YOUR INSTRUCTIONS: What is needed is an exact copy of the records below, with the pictures left out.

TASK INPUTS:

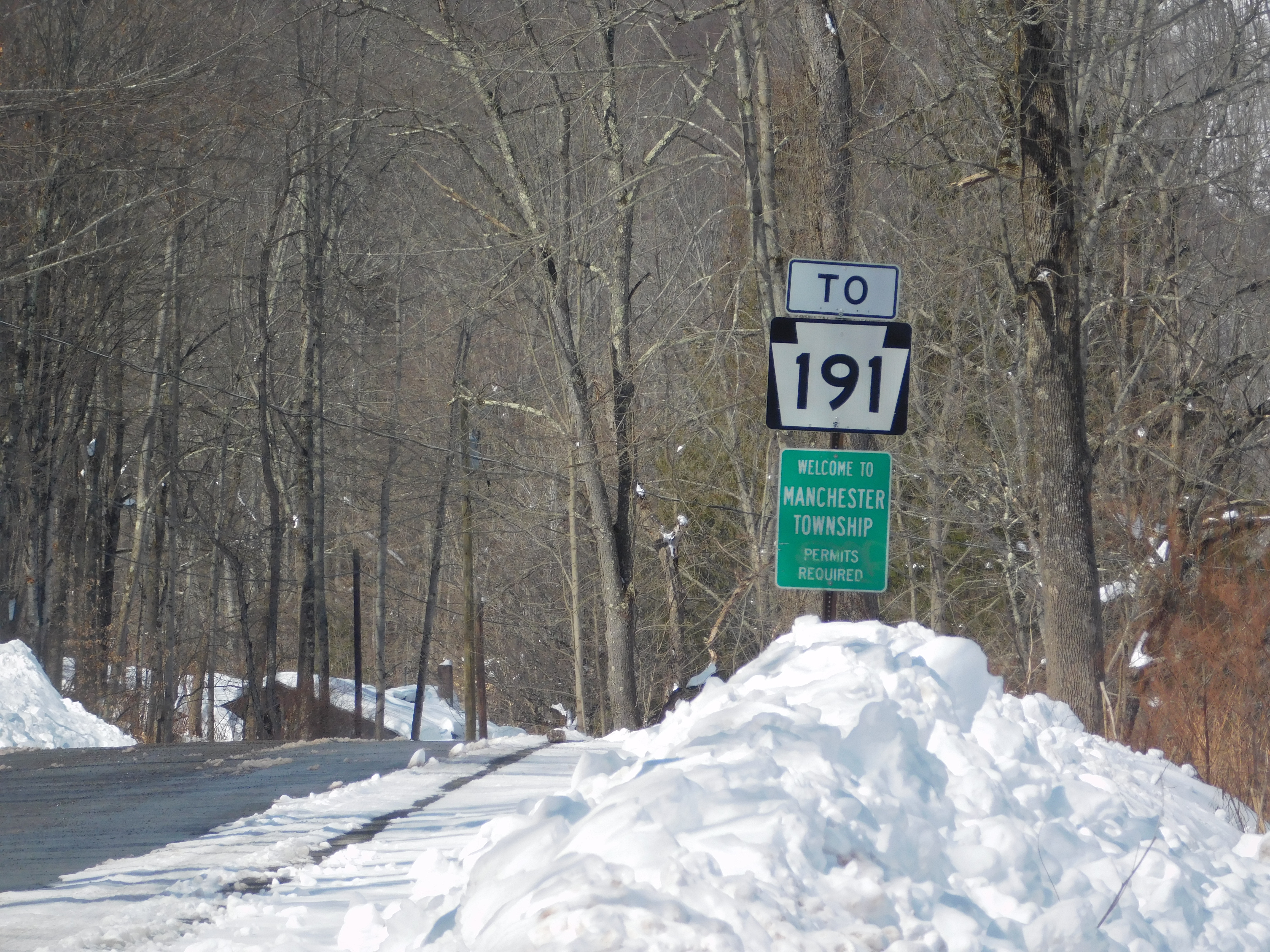 Signage near the Little Equinunk Bridge for Pennsylvania Route 191 and Manchester Township, Wayne County, Pennsylvania.
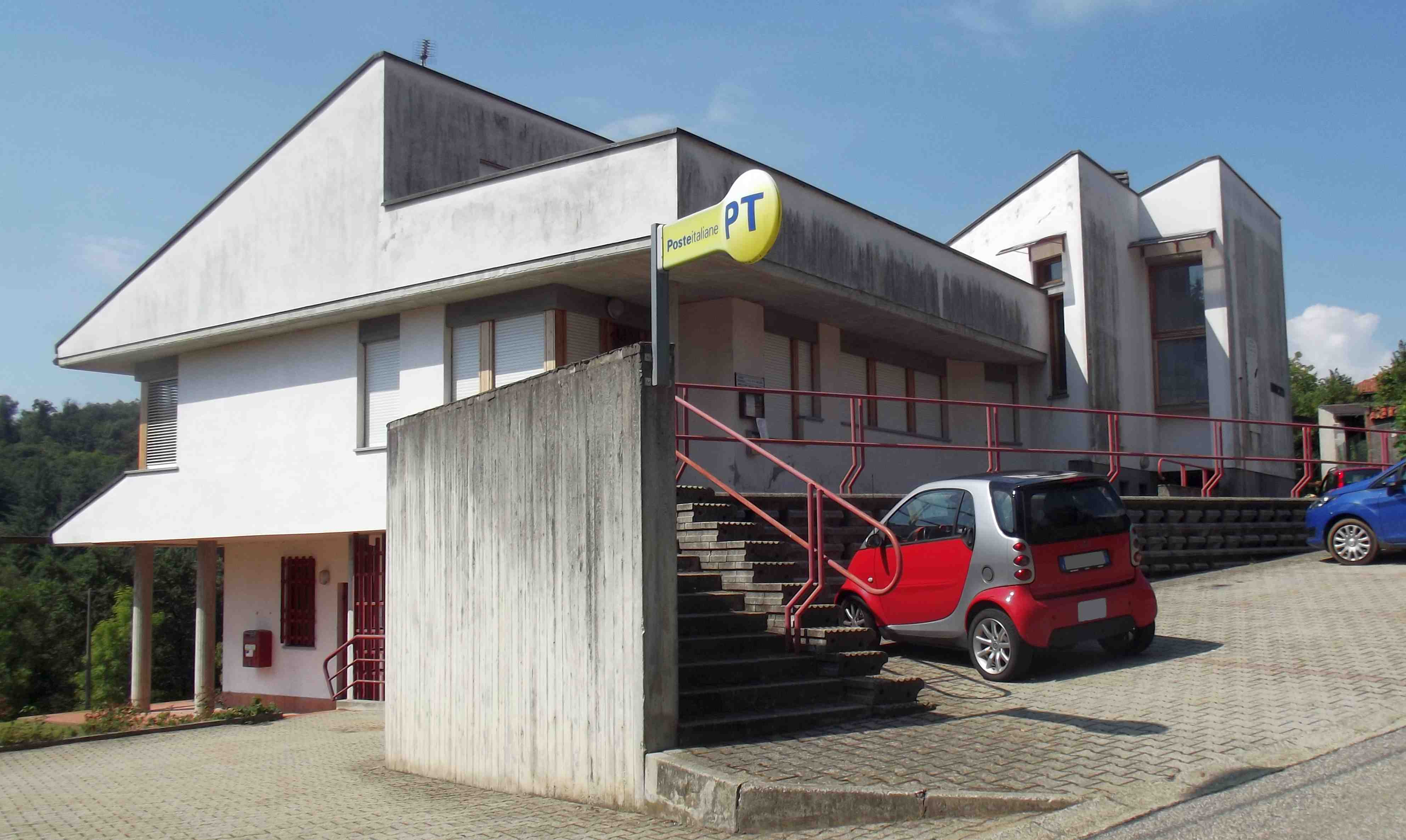 Torrazzo (BI, Italy): town hall
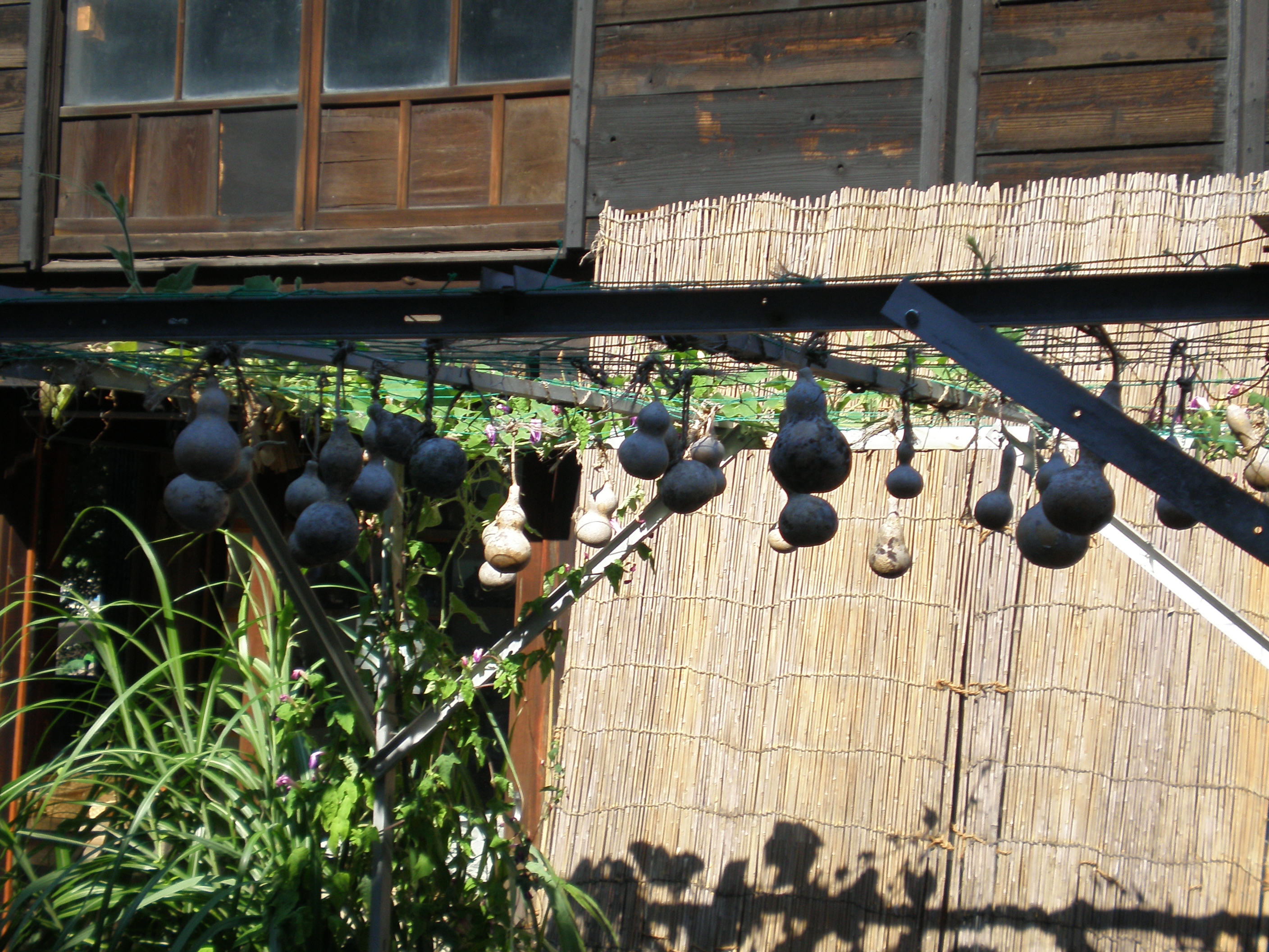 Calabash Trellis in Japan (Lagenaria siceraria var. gourda)
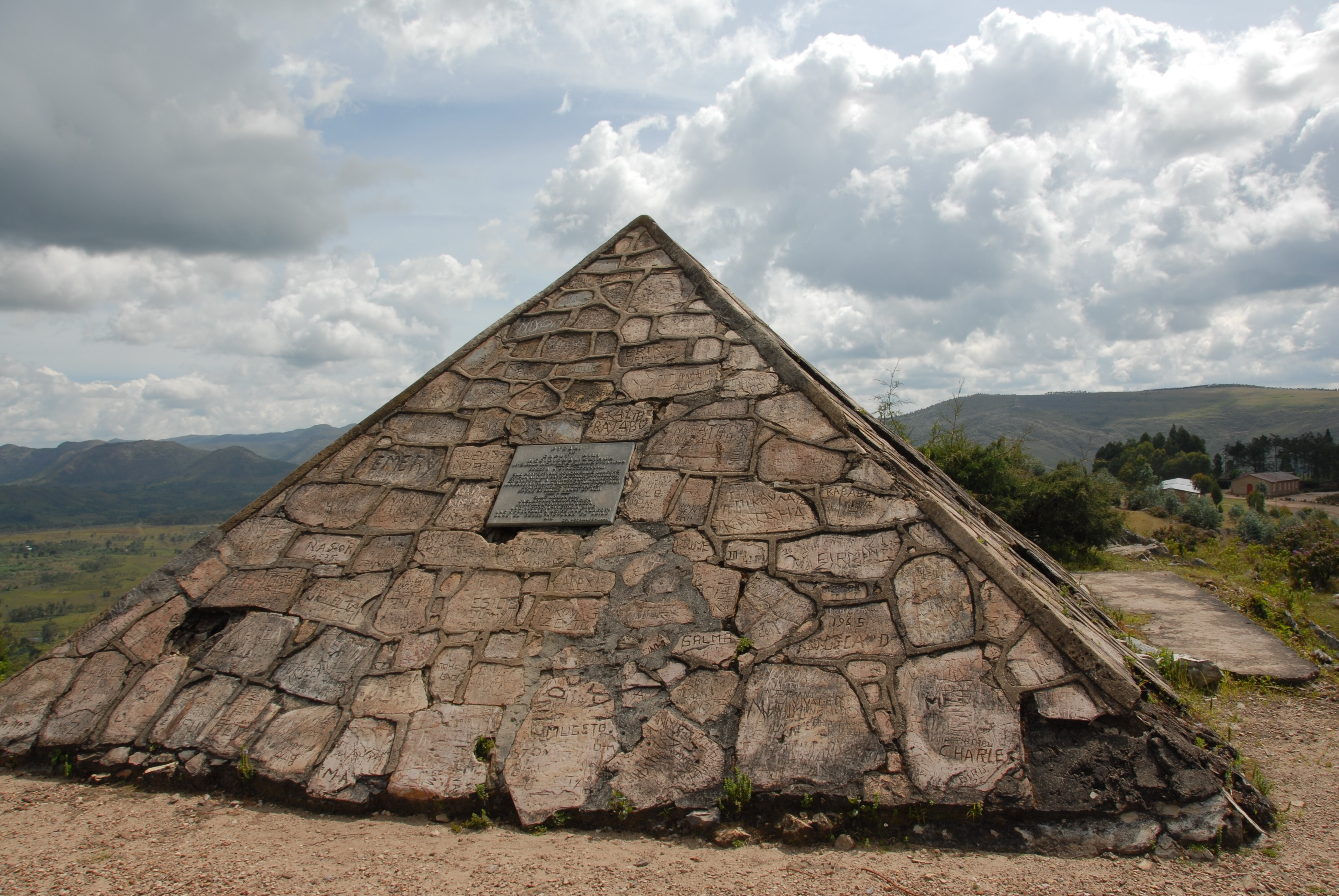 The source of the Nile, or so the locals say
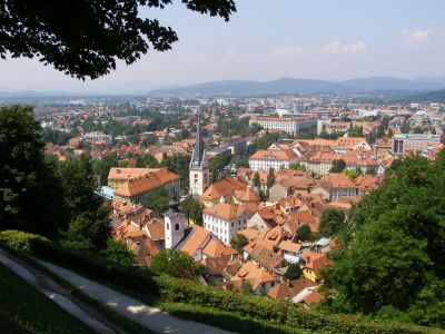 The Panorama of Lublana, Slovenia
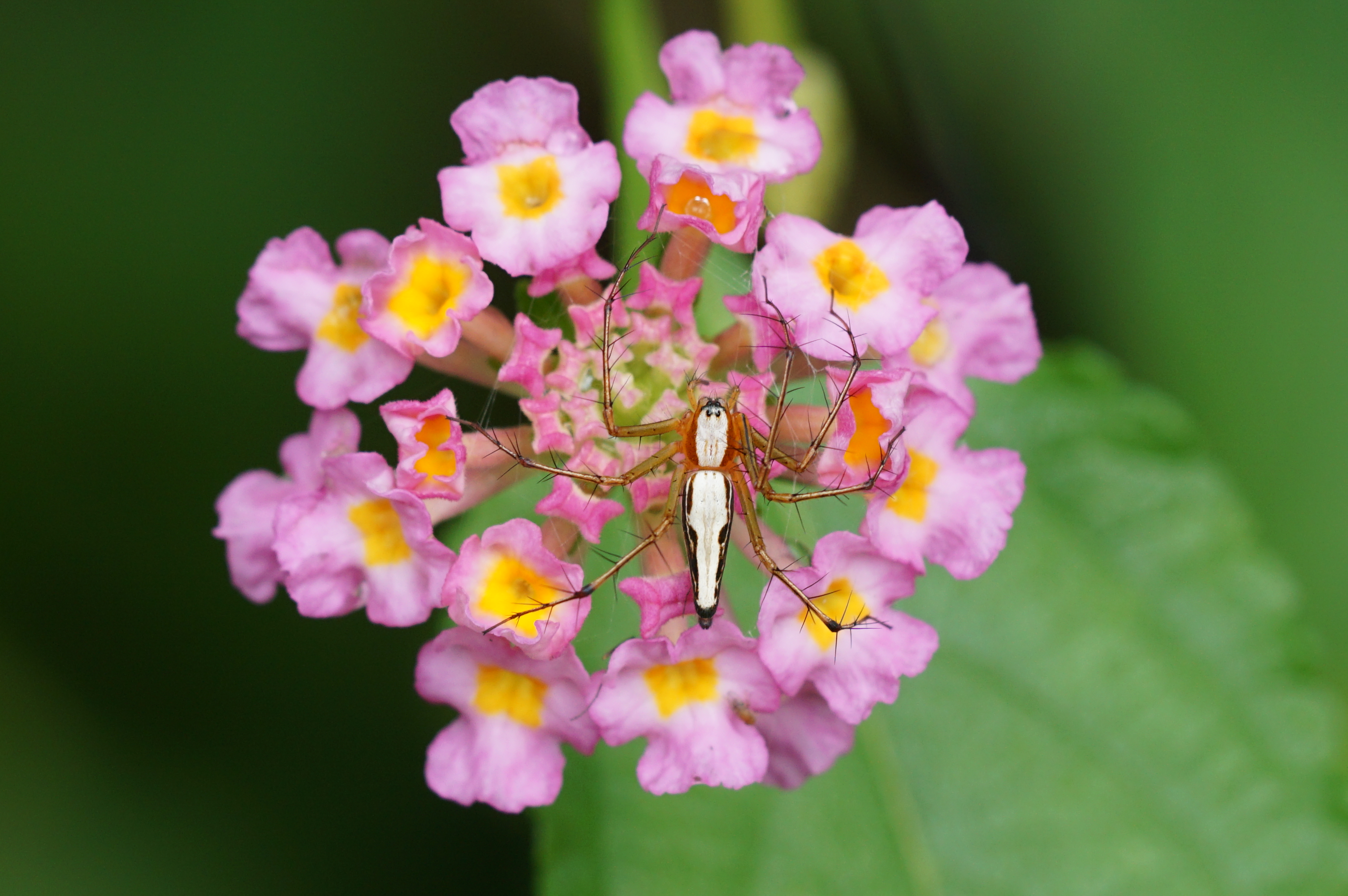 Oxyopes shweta

REPLY TO THE EXERCISE:
 Signage near the Little Equinunk Bridge for Pennsylvania Route 191 and Manchester Township, Wayne County, Pennsylvania.
 Torrazzo (BI, Italy): town hall
 Calabash Trellis in Japan (Lagenaria siceraria var. gourda)
 The source of the Nile, or so the locals say
 The Panorama of Lublana, Slovenia
 Oxyopes shweta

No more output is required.